Data entries:
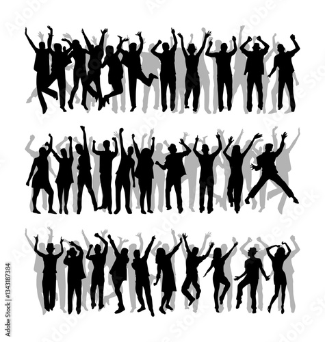 people, party, silhouette, group, illustration, happy, vector, friends, background, celebration, music, fun, man, cheerful, hand, crowd, dance, club, disco, shadow, festival, concert, isolated, audience, human, poster, event, woman, sport, banner, design, person, jump, show, spectator, joy, cheer, night, entertainment, lifestyle, light, celebrate, hand up, silhouette, nightclub, nightlife
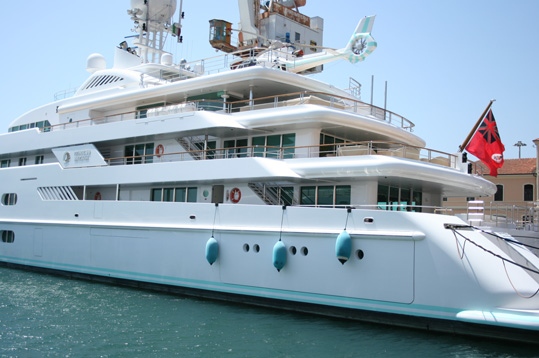 何と自家用ヘリコプターのあるプライベートの船です。モナコ近辺の港には世界中の富豪の船が停泊しています。
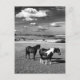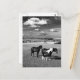 Atmosfärisk svartvit bild av två hästar i fält mot ett dramatiskt himlar
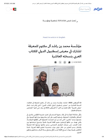 8/15/25, 9:43 AM مھ نﻣ | رﺑﺧﻟا ضرﻋ | ةرﺷﺎﻌﻟا ﮫﺗﺧﺳﻧﺑ ﻲﺑرﻌﻟا بﺎﺗﻛﻠﻟ ﻲﻟودﻟا لوﺑﻧطﺳإ ضرﻌﻣ ﻲﻓ كرﺎﺷﺗ ﺔﻓرﻌﻣﻠﻟ موﺗﻛﻣ لآ دﺷار نﺑ دﻣﺣﻣ ﺔﺳﱠﺳؤﻣ
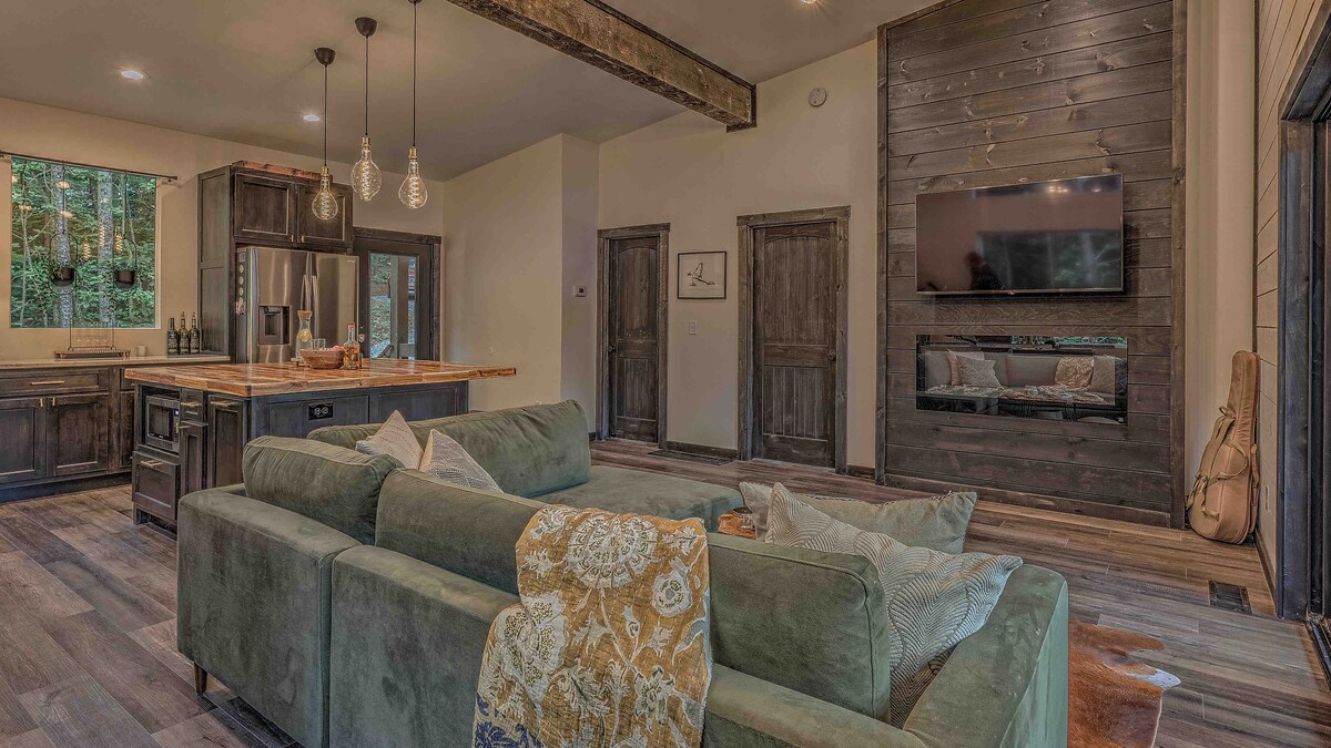 Enjoy lake and mountain views in this updated oasis amongst the trees. Whether you're looking for an outdoor adventure or a rejuvenating escape, we have it all! Situated on a five acre lake, enjoy the private dock and use of our two paddle boards and canoe. After a day of hiking, decompress in the hot tub and sauna. Tons of space to gather both indoors and outdoors, we hope you'll enjoy all the modern amenities while reconnecting with nature. Just 12 minutes to downtown Ellijay!
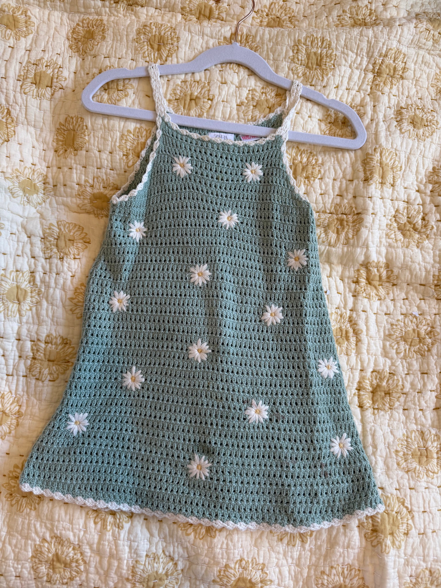 Crochet Dress , green with white daisys, zara, size 2-3, washed
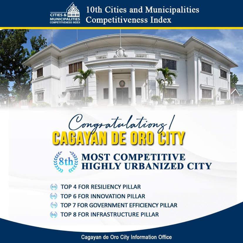 Once again, Cagayan de Oro has made it as one of the ‘Top 10 Most Competitive Highly Urbanized Cities’ in the country this year.
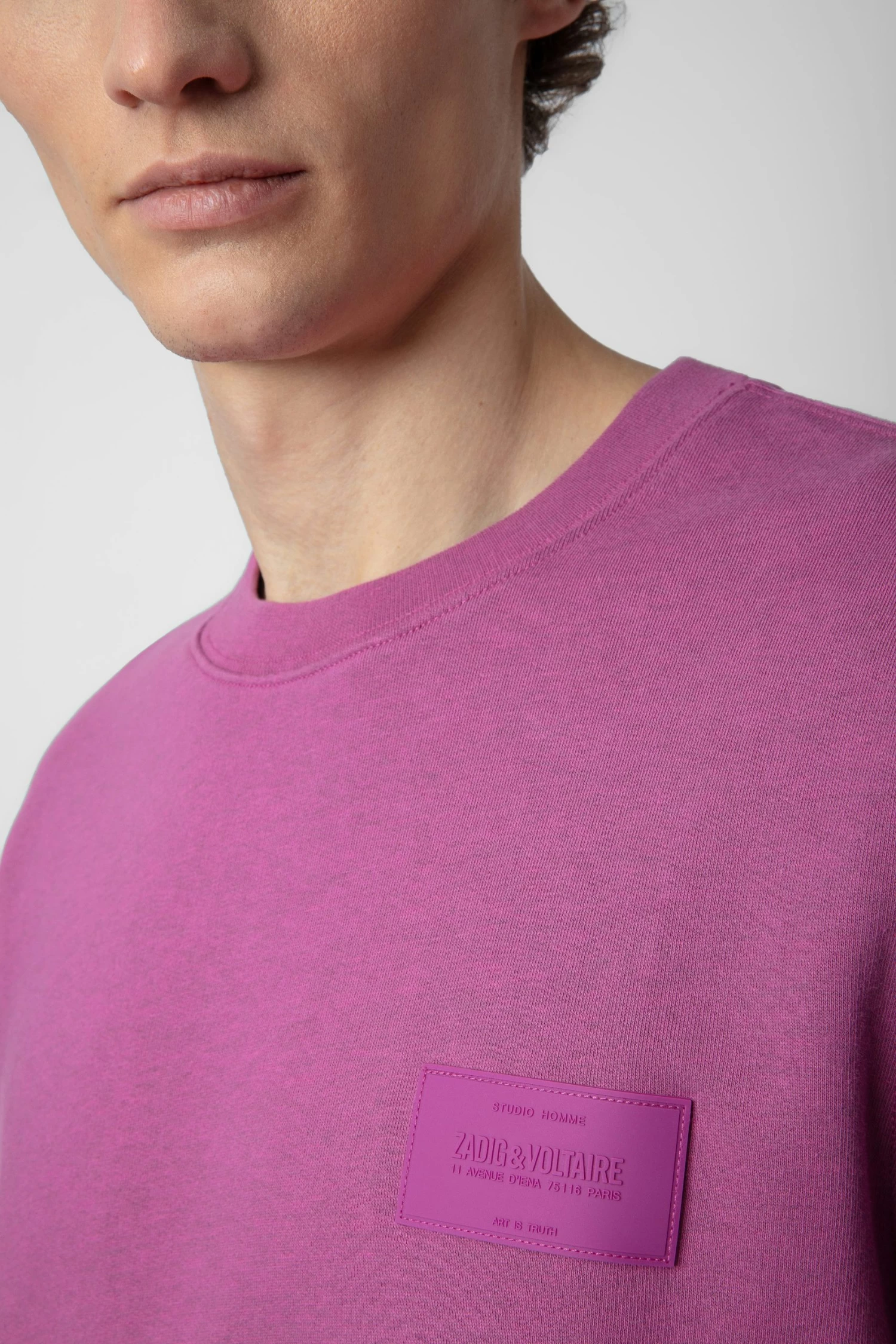 Fuchsia long-sleeved round-neck sweatshirt with patch on the chest.
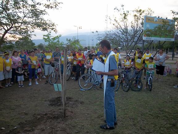 Seguidamente, el grupo se trasladó hasta el anfiteatro del Parque de los Niños, donde se procedió a la entrega de plantines de olivos a cada participante de la bicicleteada, donados por la Municipalidad de la Capital, tarea realizada por un grupo de jóvenes de la comuna local.
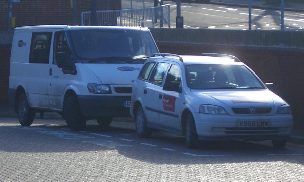 | Details: Photographed in less than ideal lighting at Eltham Bus Station on Saturday 17th January 2004 is East Thames Buses Vauxhall Astra TD Estate Car V968LWW. The vehicle behind is Metrobus 8 (GV53RJZ), a Ford Transit Crew Van. | |||||
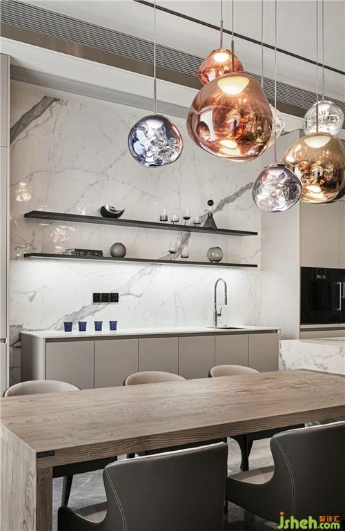 餐桌和吧臺(tái)的結(jié)合形式,除了滿足日常就餐,更增加了生活的儀式感。Tom Dixon的MELT系列吊燈極具未來(lái)感,像一組空間雕塑,不同紋路的巖板臺(tái)面也非常具有質(zhì)感,和家人一起在這里準(zhǔn)備點(diǎn)心、美食、聊天、分享趣事,這幸福的味道,大概就是“人間煙火氣,最撫凡人心”了吧。
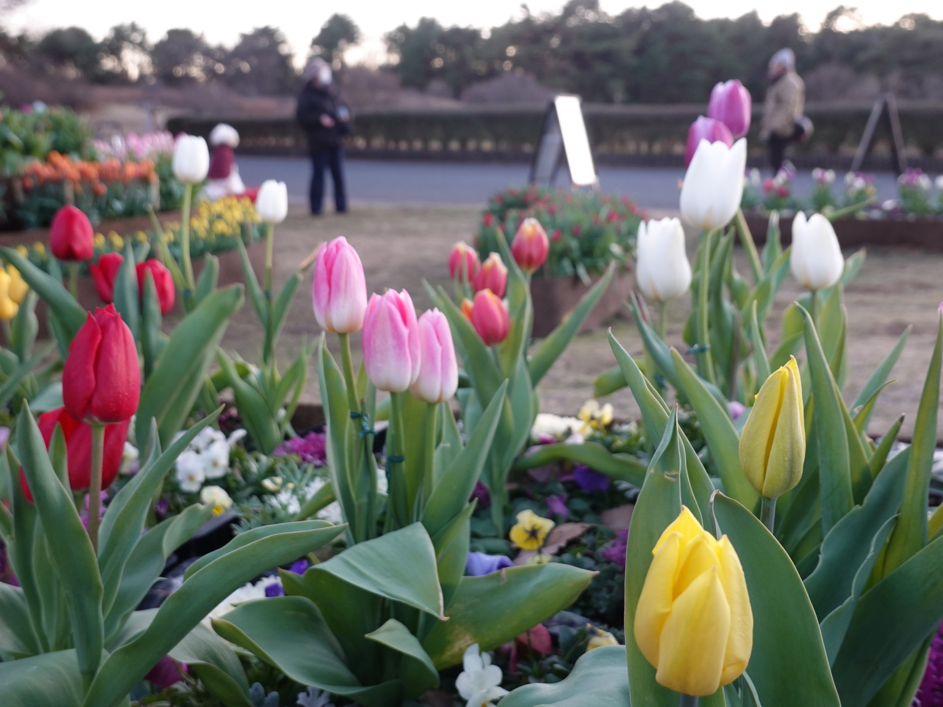 球根を低温処理することで「春が来た」と錯覚させて咲かせたチューリップで、冬枯れの季節の園内に彩りを与えている。
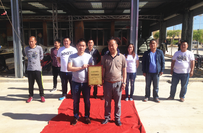 葫芦岛型材代表处徐总(左)为形象店投资人倪总(右)授权
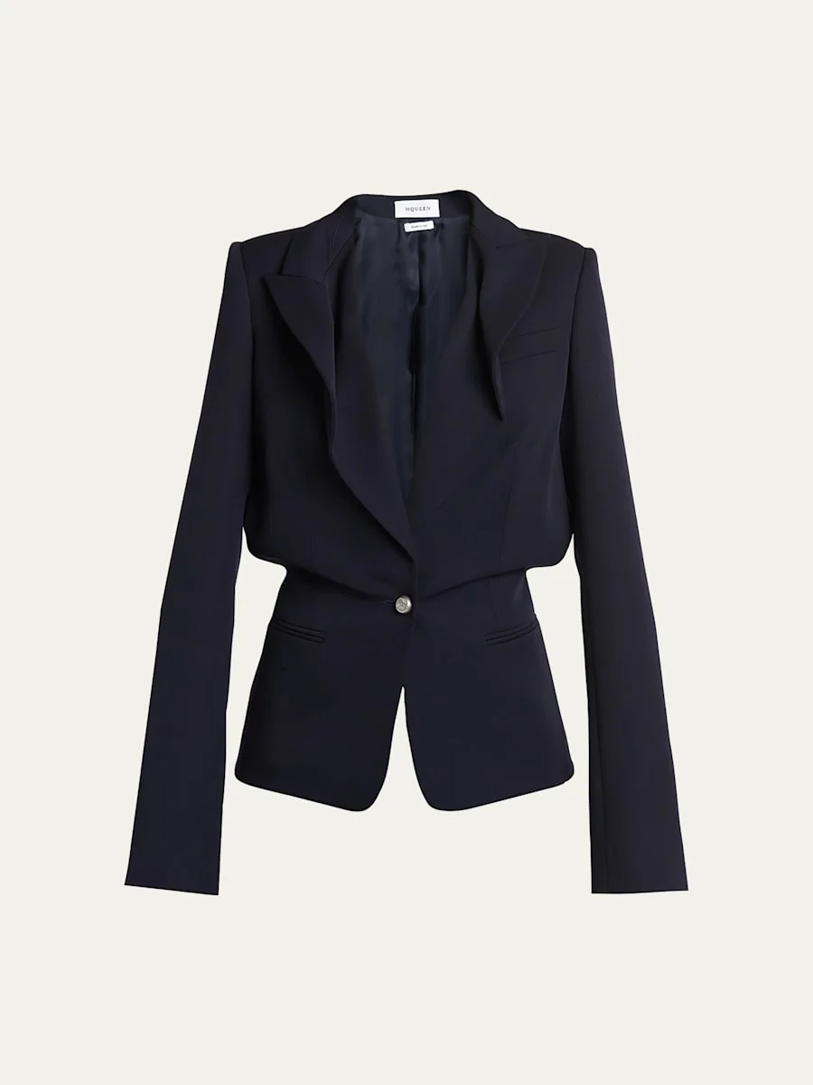 Crafted from grain de poudre wool, this cinched jacket from McQueen is sealed by a single front button. Peak lapels Long sleeves; button cuffs Chest welt pocket Side jetted pockets Single button fastening Cinched silhouette Wool Dry clean Made in Italy SIZE amp; FITModel measurements: 5'10" tall Model is wearing a US size 4/Small

- What the task asks
Reproduce, word for word, every line from the start of the records down to and including the line with "Fuchsia long-sleeved round-neck"; skip the pictures.

- Response area
 people, party, silhouette, group, illustration, happy, vector, friends, background, celebration, music, fun, man, cheerful, hand, crowd, dance, club, disco, shadow, festival, concert, isolated, audience, human, poster, event, woman, sport, banner, design, person, jump, show, spectator, joy, cheer, night, entertainment, lifestyle, light, celebrate, hand up, silhouette, nightclub, nightlife
 何と自家用ヘリコプターのあるプライベートの船です。モナコ近辺の港には世界中の富豪の船が停泊しています。
 Atmosfärisk svartvit bild av två hästar i fält mot ett dramatiskt himlar
 8/15/25, 9:43 AM مھ نﻣ | رﺑﺧﻟا ضرﻋ | ةرﺷﺎﻌﻟا ﮫﺗﺧﺳﻧﺑ ﻲﺑرﻌﻟا بﺎﺗﻛﻠﻟ ﻲﻟودﻟا لوﺑﻧطﺳإ ضرﻌﻣ ﻲﻓ كرﺎﺷﺗ ﺔﻓرﻌﻣﻠﻟ موﺗﻛﻣ لآ دﺷار نﺑ دﻣﺣﻣ ﺔﺳﱠﺳؤﻣ
 Enjoy lake and mountain views in this updated oasis amongst the trees. Whether you're looking for an outdoor adventure or a rejuvenating escape, we have it all! Situated on a five acre lake, enjoy the private dock and use of our two paddle boards and canoe. After a day of hiking, decompress in the hot tub and sauna. Tons of space to gather both indoors and outdoors, we hope you'll enjoy all the modern amenities while reconnecting with nature. Just 12 minutes to downtown Ellijay!
 Crochet Dress , green with white daisys, zara, size 2-3, washed
 Once again, Cagayan de Oro has made it as one of the ‘Top 10 Most Competitive Highly Urbanized Cities’ in the country this year.
 Fuchsia long-sleeved round-neck sweatshirt with patch on the chest.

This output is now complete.